Paramaribo2025 · 05/06/2026 05:54

I think 3 is enough.
Do you have all girls?
Are you wanting a boy?

lunar1 · 05/06/2026 07:39

How will you divide your time with another child? Supporting teenagers through exam years is a big transition, they need to time and patience. How would you make sure your older ones have that support while meeting the physical needs of a baby and toddler? With all these children could you provide a calm quiet environment for exam study? These are all questions I’d be asking myself in your shoes.

the above is if all is smooth sailing with no complications. How would it work if you have pregnancy or butlers complications? What’s your partner like, is he going to more than do his share for you and all the children when needed?

if time and resources are limited it’s going to be your older dc that lost out every time.

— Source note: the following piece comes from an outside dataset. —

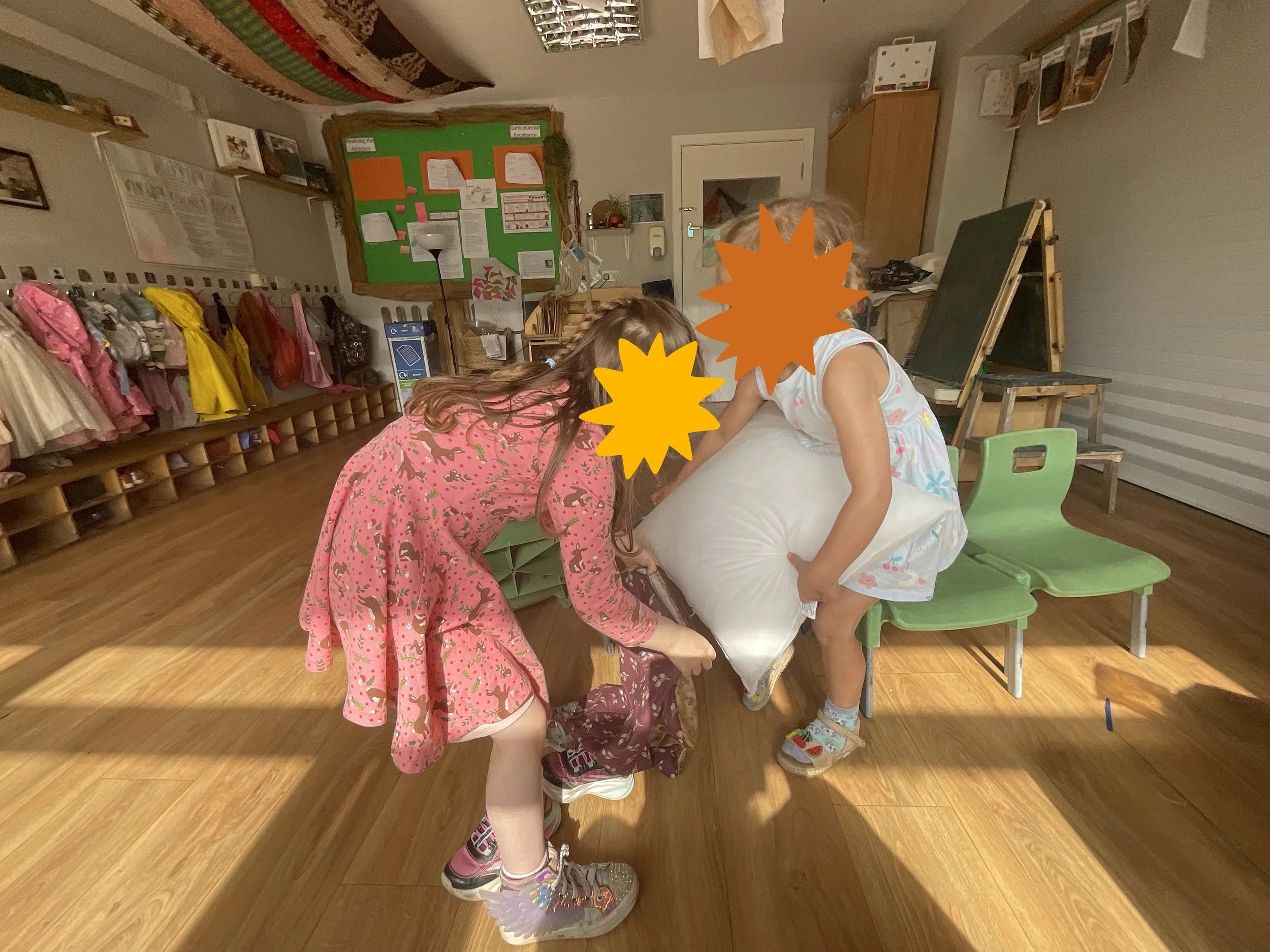 At the nursery I work at, I added sewing into our curriculum with simple activities involving cardboard, yarn, plastic needles or tapestry needles, hessian - then eventually we built upon what they had learned and I brought my sewing machine into the nursery for us to make cushion covers with zippers. The children are learning the different parts of the machine, how it works, how to thread the machine, and how to use their hand-eye coordination. We put cushions into their covers, and now they live in our ‘Cozy Corner’ where the children go for a moment of calm.

Historian0111101000 · 07/06/2026 17:16

Miraclemuma03 · 05/06/2026 05:08

Your children do not dictate your family planning. They are children not apart of the relationship between two adult parents. If their life will not change if you bring a new baby into the world then the decision is only for you and your partner and your children dont need to be involved or even like it. If your older kids arnt raising your younger kids, arnt responsible for their siblings besides the odd helping out here and there, then it has no concern to them. I have a large family, not ever have my children told me I cant have another baby in the home because my children know they will never have to be responsible for that child and their lives dont have to change to make room. If you want a baby and you can make it work and you dont need to rely on your older children to raise your younger children then go for it.

This!!!
I wouldn't ask or worry about what they think.

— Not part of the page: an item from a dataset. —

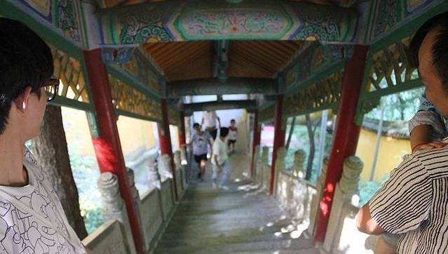 亭台楼榭,一段段廊道,树荫下也别有一番清凉。我们开始兴头很足,爬到前面在等待后面的群众。下面的台阶还不算太陡。

Sarah2891 · 07/06/2026 17:21

Paramaribo2025 · 05/06/2026 05:54

I think 3 is enough.
Do you have all girls?
Are you wanting a boy?

She says in her OP that the child who doesn't want another sibling is a girl.

Purplecatshopaholic · 07/06/2026 17:50

Maybe parents should consider their existing children more. So often parents just seem to ‘want another’, regardless of the impact. Isn’t three enough? You are just diluting your time and your resources every time. Maybe be happy with what you have?